在这里我们不讨论路由子系统,也就是假设我知道数据包应该被网络层哪个函数处理。

框架

有了上一节的铺垫,知道协议栈初始化时注册了哪些处理函数。我们分析__netif_receive_skn_core函数中那个函数指针ret = pt_prev->func(skb, skb->dev, pt_prev, orig_dev);在IPv4中调用了ip_rcv, IPv6中调用了ipv6_rcv。我们以ip_rcv为例子继续分析。先放上一张蓝图,后面看代码能给我们一个框架印象。

转发流程.jpg

实现

int ip_rcv(struct sk_buff *skb, struct net_device *dev, struct packet_type *pt, struct net_device *orig_dev)
{
    const struct iphdr *iph;
    struct net *net;
    u32 len;

    //......

    return NF_HOOK(NFPROTO_IPV4, NF_INET_PRE_ROUTING,
               net, NULL, skb, dev, NULL,
               ip_rcv_finish);
}

ip_rcv函数在对skbip头做必要的检查后,想往常一样会调用ip_rcv_finish函数,这类finish后缀的函数,是在natfilter检查通过后调用的,关于natfilter,后面再说,这个坑和路由子系统一样,大坑。

static int ip_rcv_finish(struct net *net, struct sock *sk, struct sk_buff *skb)
{
    const struct iphdr *iph = ip_hdr(skb);
    int (*edemux)(struct sk_buff *skb);
    struct net_device *dev = skb->dev;
    struct rtable *rt;
    int err;

    /* if ingress device is enslaved to an L3 master device pass the
     * skb to its handler for processing
     */
    skb = l3mdev_ip_rcv(skb);
    if (!skb)
        return NET_RX_SUCCESS;

    //数据包分流
    if (net->ipv4.sysctl_ip_early_demux &&
        !skb_dst(skb) &&
        !skb->sk &&
        !ip_is_fragment(iph)) {
        const struct net_protocol *ipprot;
        int protocol = iph->protocol;

        ipprot = rcu_dereference(inet_protos[protocol]);
        if (ipprot && (edemux = READ_ONCE(ipprot->early_demux))) {
            err = edemux(skb);
            if (unlikely(err))
                goto drop_error;
            /* must reload iph, skb->head might have changed */
            iph = ip_hdr(skb);
        }
    }

    /*
     *  Initialise the virtual path cache for the packet.
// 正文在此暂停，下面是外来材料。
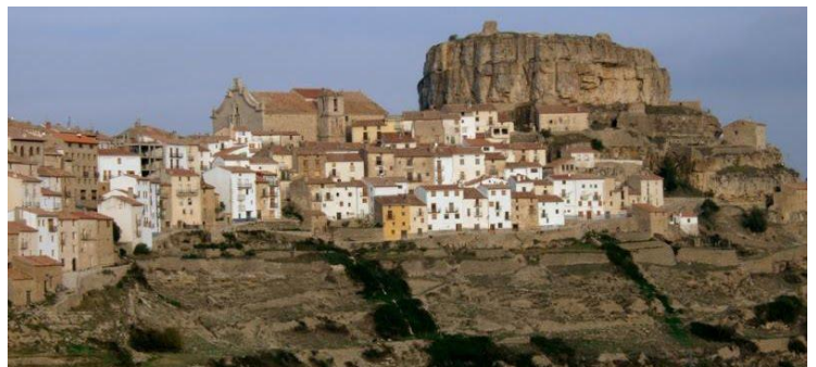
Ares del Maestrat | Castellón

Una crisis profunda como la actual, lleva aparejada cambios radicales. Cabe preguntarse qué nos ha pasado y que ha fallado. La avaricia de los mercados, la especulación financiera, la corrupción política, los hábitos de consumo, el despilfarro energético, el cambio de valores éticos, el pasotismo (cuando no complicidad) de una parte importante de la población... hace que exista una crisis social y humanitaria de escala planetaria. La insostenibilidad del sistema y el estado de colapso al que nos conduce es una realidad.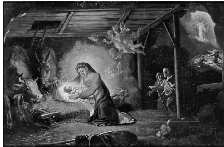
“Рождество христово”. В.Л. Боровиковский

Первыми поклонились Господу простые пастухи. А за ними пришли вавилонские мудрецы — волхвы. Со времен вавилонского плена, когда Навуходоносор увел евреев в рабство, персидские язычники узнали пророчества о Христе: «Восходит звезда от Иякова и восстает жезл от Израиля» (Числа 24:17). Увидев на небе необычно яркую звезду, волхвы поняли, что пророчество совершилось, и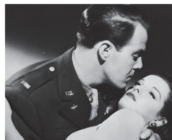
1945 L'ESCLAVE DU SOUVENIR (Young Widow) d'Edwin L. Marin avec Jane Russell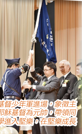
基督少年軍進場，象徵主耶穌基督為元帥，帶領同學進入堅樂，在堅樂成長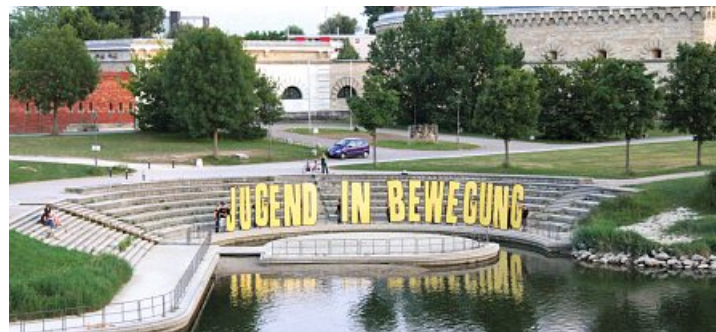
Aktion des OJA der IG Metall an der Donaubühne: Über den jüngsten Tarifabschluss hinaus bessere Bedingungen in den Betrieben erreichen.

Ortsjugendausschuss macht mit Aktion an der Donaubühne auf ihr Anliegen aufmerksam.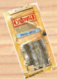
Рыба - игла (18г, 36г)

It describes
     *  how the packet travels inside Linux networking.
     */
    //路由查找
    if (!skb_valid_dst(skb)) {
        err = ip_route_input_noref(skb, iph->daddr, iph->saddr,
                       iph->tos, dev);
        if (unlikely(err))
            goto drop_error;
    }

#ifdef CONFIG_IP_ROUTE_CLASSID
    if (unlikely(skb_dst(skb)->tclassid)) {
        struct ip_rt_acct *st = this_cpu_ptr(ip_rt_acct);
        u32 idx = skb_dst(skb)->tclassid;
        st[idx&0xFF].o_packets++;
        st[idx&0xFF].o_bytes += skb->len;
        st[(idx>>16)&0xFF].i_packets++;
        st[(idx>>16)&0xFF].i_bytes += skb->len;
    }
#endif

    if (iph->ihl > 5 && ip_rcv_options(skb))
        goto drop;

    rt = skb_rtable(skb);
    if (rt->rt_type == RTN_MULTICAST) {
        __IP_UPD_PO_STATS(net, IPSTATS_MIB_INMCAST, skb->len);
    } else if (rt->rt_type == RTN_BROADCAST) {
        __IP_UPD_PO_STATS(net, IPSTATS_MIB_INBCAST, skb->len);
    } else if (skb->pkt_type == PACKET_BROADCAST ||
           skb->pkt_type == PACKET_MULTICAST) {
        struct in_device *in_dev = __in_dev_get_rcu(dev);

        /* RFC 1122 3.3.6:
         *
         *   When a host sends a datagram to a link-layer broadcast
         *   address, the IP destination address MUST be a legal IP
         *   broadcast or IP multicast address.
         *
         *   A host SHOULD silently discard a datagram that is received
         *   via a link-layer broadcast (see Section 2.4) but does not
         *   specify an IP multicast or broadcast destination address.
         *
         * This doesn't explicitly say L2 *broadcast*, but broadcast is
         * in a way a form of multicast and the most common use case for
         * this is 802.11 protecting against cross-station spoofing (the
         * so-called "hole-196" attack) so do it for both.
         */
        if (in_dev &&
            IN_DEV_ORCONF(in_dev, DROP_UNICAST_IN_L2_MULTICAST))
            goto drop;
    }
    
    //调用路由子系统分配的处理函数,可能为ip_local_deliver或者ip_forward
    return dst_input(skb);

drop:
    kfree_skb(skb);
    return NET_RX_DROP;

drop_error:
    if (err == -EXDEV)
        __NET_INC_STATS(net, LINUX_MIB_IPRPFILTER);
    goto drop;
}

ip_rcv_finish函数,这个函数最重要的任务就是,通过路由子系统,找到我们的数据包后续应该交给谁来处理,这个任务是ip_route_input_noref函数完成的。再开篇我们说,在这我们预设知道数据包后续将交给谁处理。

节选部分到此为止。